At present, deep neural networks usually have some subjective prejudices, which tend to be more biased toward one side when they perform classification tasks. This bias may seriously affect the performance of the entire recognition system. For example, a stable convolutional neural network should have a very high accuracy rate while maintaining a very low false detection rate. However, the actual situation is often that the false detection rate will also increase when the accuracy rate is increased at the same time. To evaluate the partiality of our model, we input the defective images and defect-free images into the fully trained model to generate their own True Negative Rate (TNR) and True Positive Rate (TPR) accuracy. In all, 973 defect images and 27 normal images are identified in the dataset containing 1000 defective fabric images, and the TNR is 97.3%; 981 normal images and 19 defect images are identified in the dataset containing 1000 defect-free fabric images, and the TPR is 98.1%. Overall, the total correct recognition rate in the whole system is 97.7%, with it taking 28.2 milliseconds on average for each input image to be recognized.
Feature visualization of VGG16
Deconvolutional neural networks
The experiment in previous section fully demonstrated the excellent performance of VGG16 in fabric defect recognition. However, the number of parameters is approximately 134 million, and the reconstructed VGG16 model takes up approximately 1 gigabyte of hard disk space (including parameters and graphs). Such a large number of parameters are laborious to real-time fabric defect recognition in industrial fields. Our next task is to reduce the number of model parameters and speed up the network operation without affecting the recognition accuracy rate of the whole system.
Fully understanding convolutional operation is a prerequisite for improving a convolutional neural network. Interpreting the convolutional operation requires comprehending the feature activity in intermediate layers. 24 Therefore, we utilized deconvolutional networks 25 to project feature activation back to the input pixel space, revealing what input pattern originally caused a specific activation in the network feature maps. 13 A deconvolutional network can be regarded as a convolutional network that uses the same constituent parts but in reverse.
Switches
In the convolutional networks, the max-pooling operation allows the feature maps of the layer above to capture a larger receptive field than the current layer. 8 It is regrettable that the max-pooling operation is nonreversible. However, we can obtain an approximate version by recording the locations of the maximum value within each pooling region in a set of switches. 26 Within each neighborhood of the feature maps, we can record both the value and location of the maximum value. Pooled maps store the max-values, while switches record the locations of max-values.
Unpooling
We can perform the unpooling operation when we obtain the pooled maps and switches. Projecting down from previous layers uses the pooled maps and switches generated by the max-pooling in the convolutional networks on the way up. 13 For the sake of holding the invariance of the activation, the unpooling operation uses these switches to array the reconstructions from the higher layers into appropriate locations in the deconvolutional networks. 26 The corresponding unpooling operation is shown in Figure 2.

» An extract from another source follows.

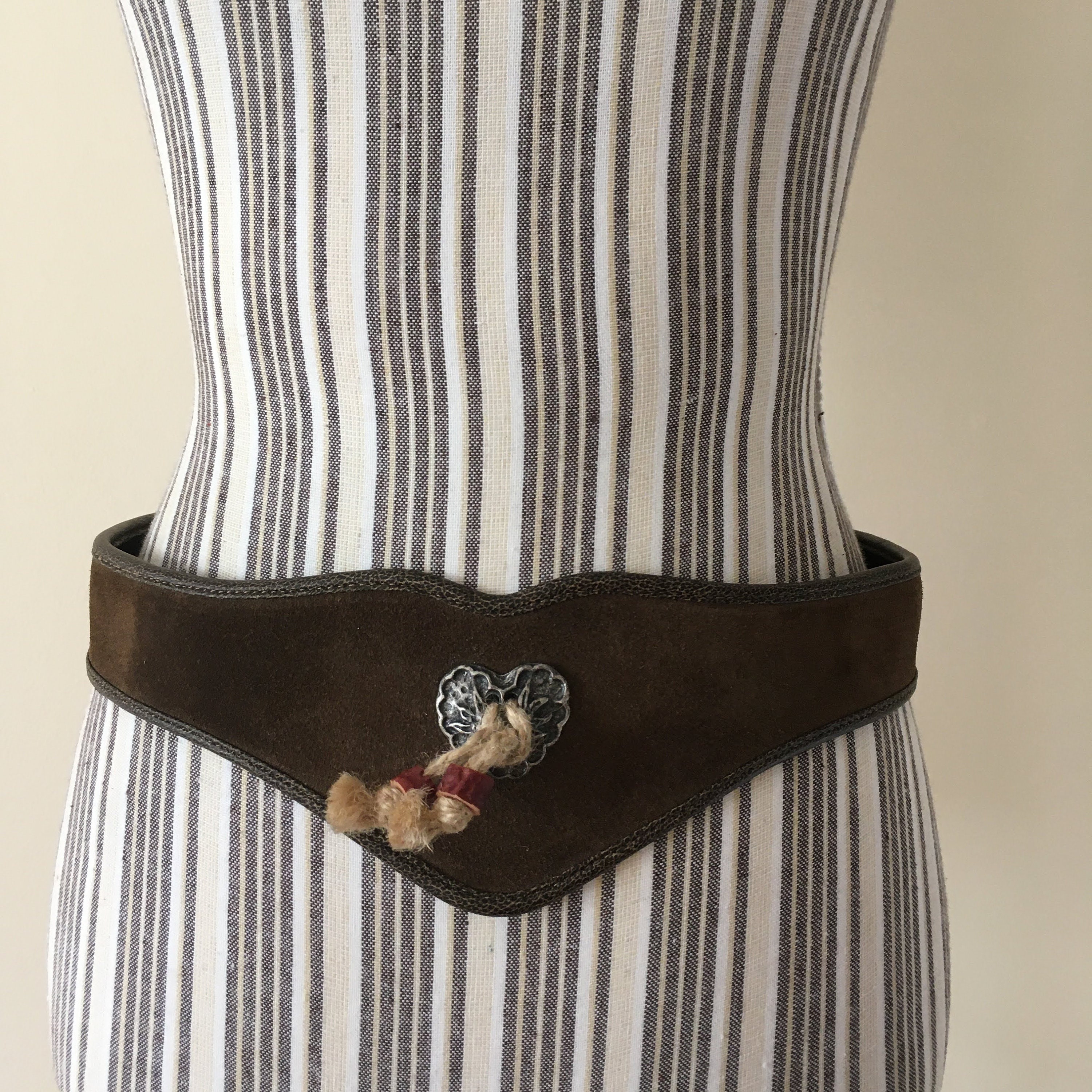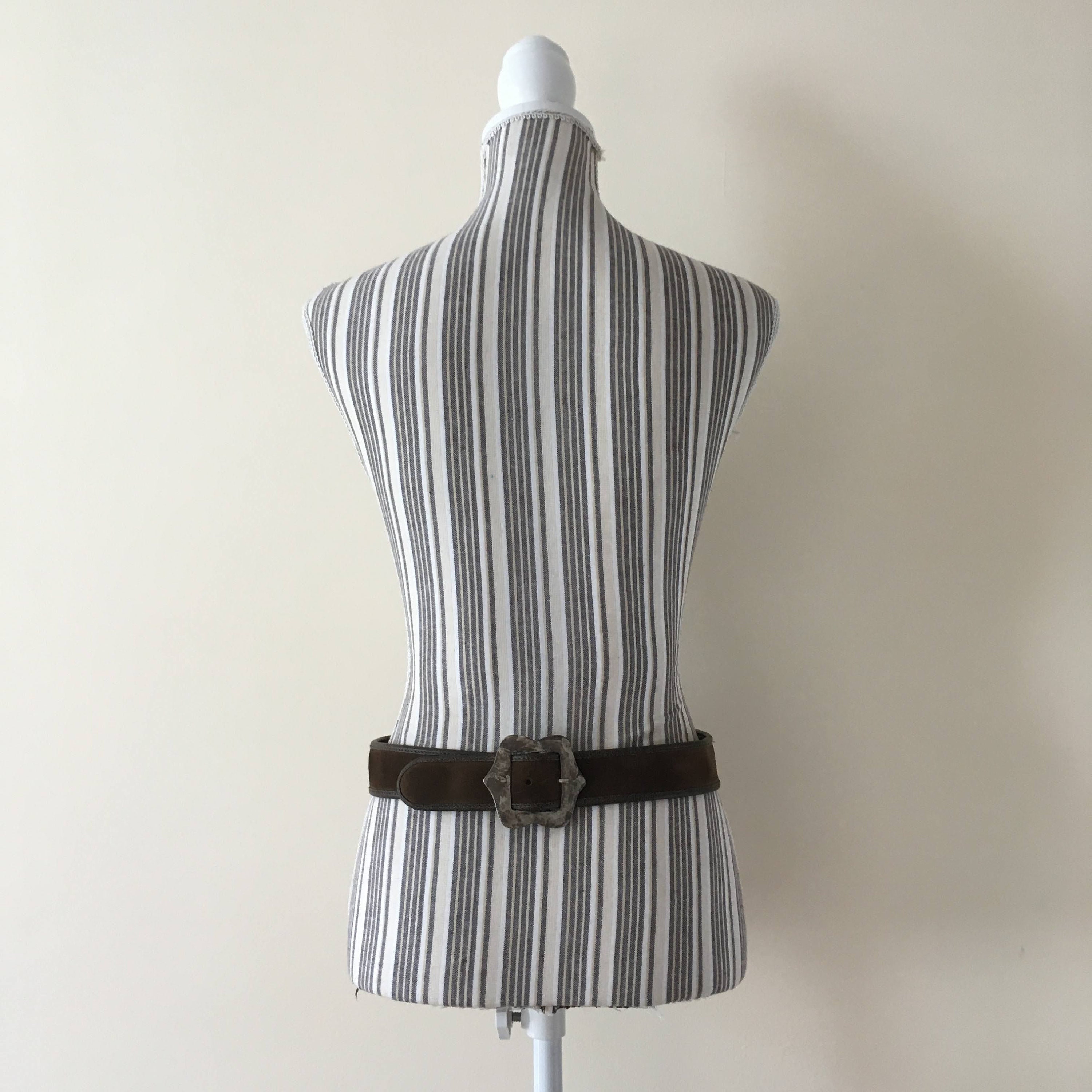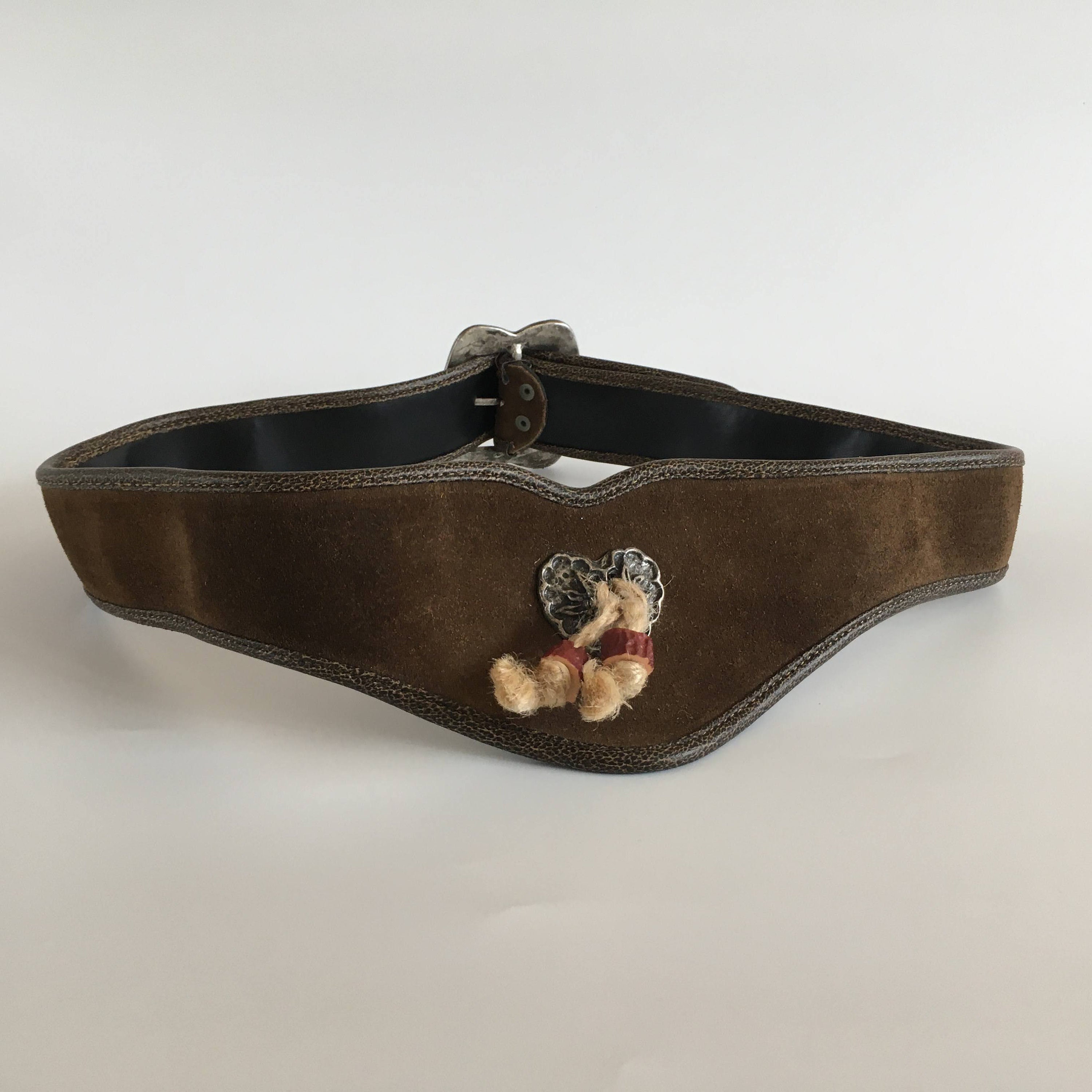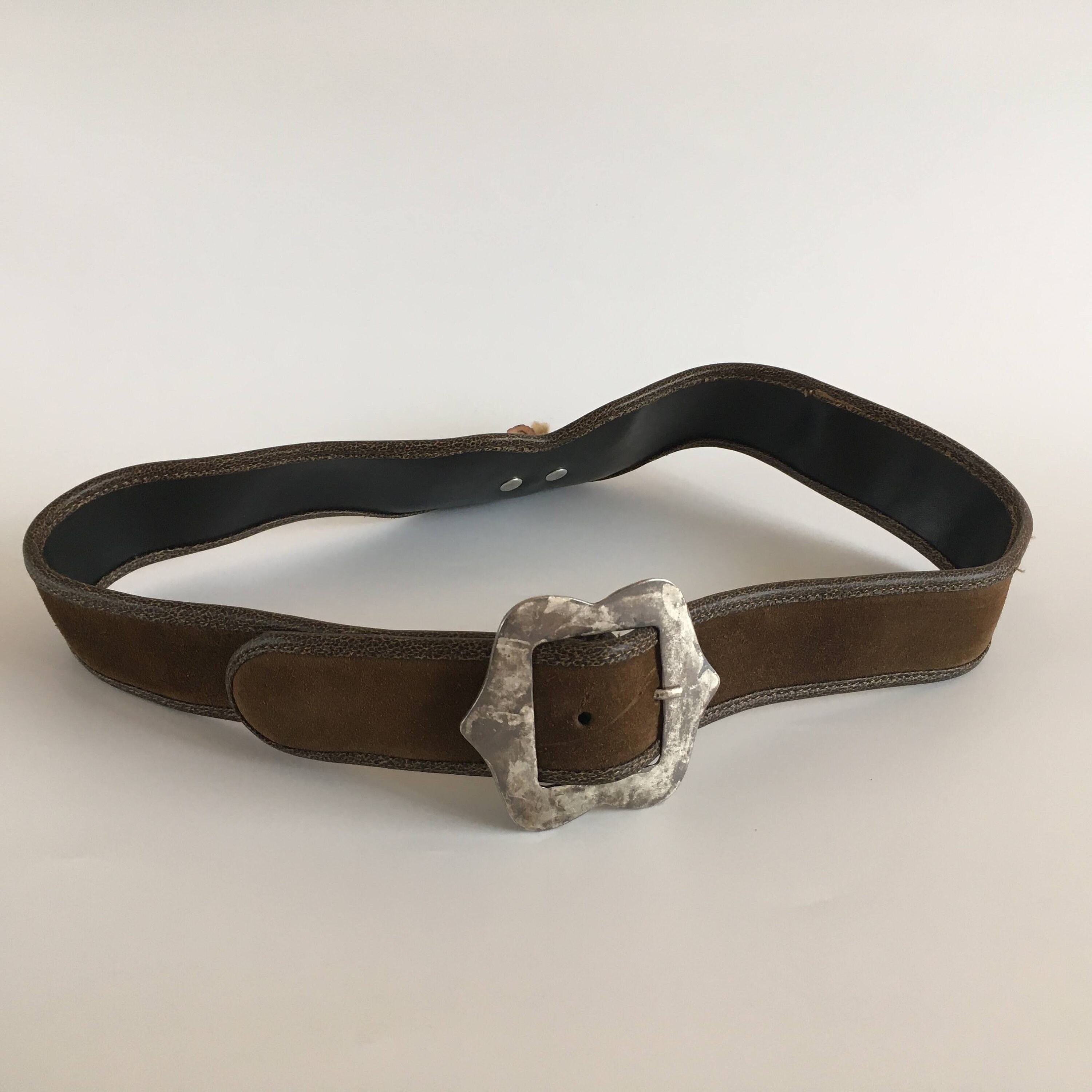 Condition: There are some scratches on the suede leather surface, typical for suede items. The silver tone buckle shows multiple scratches and has a heavily distressed look.

An illustration of the switch and unpooling operation in a deconvolutional network. Using switches that record the locations of the local maximum for each pooling layer in a convolutional network. The same color represents the same position between the original feature map and the unpooled feature map.
Deconvolution
The convolutional network uses convolution kernels to convolve the feature maps from the layer above. To invert this, the deconvolutional network uses transposed versions of the same convolution kernels. To visualize a convolutional network, a deconvolutional network is attached to each of its hidden layers, as illustrated in Figure 3, providing a continuous path back to the input image pixels. To evaluate a given convolutional network activation, this article sets all other values in the same layer to zero and regards the feature maps as input to the attached deconvolutional network layers. 13 Then, we can successively reconstruct the activation in the layer beneath and repeat this operation until the input pixel space is reached.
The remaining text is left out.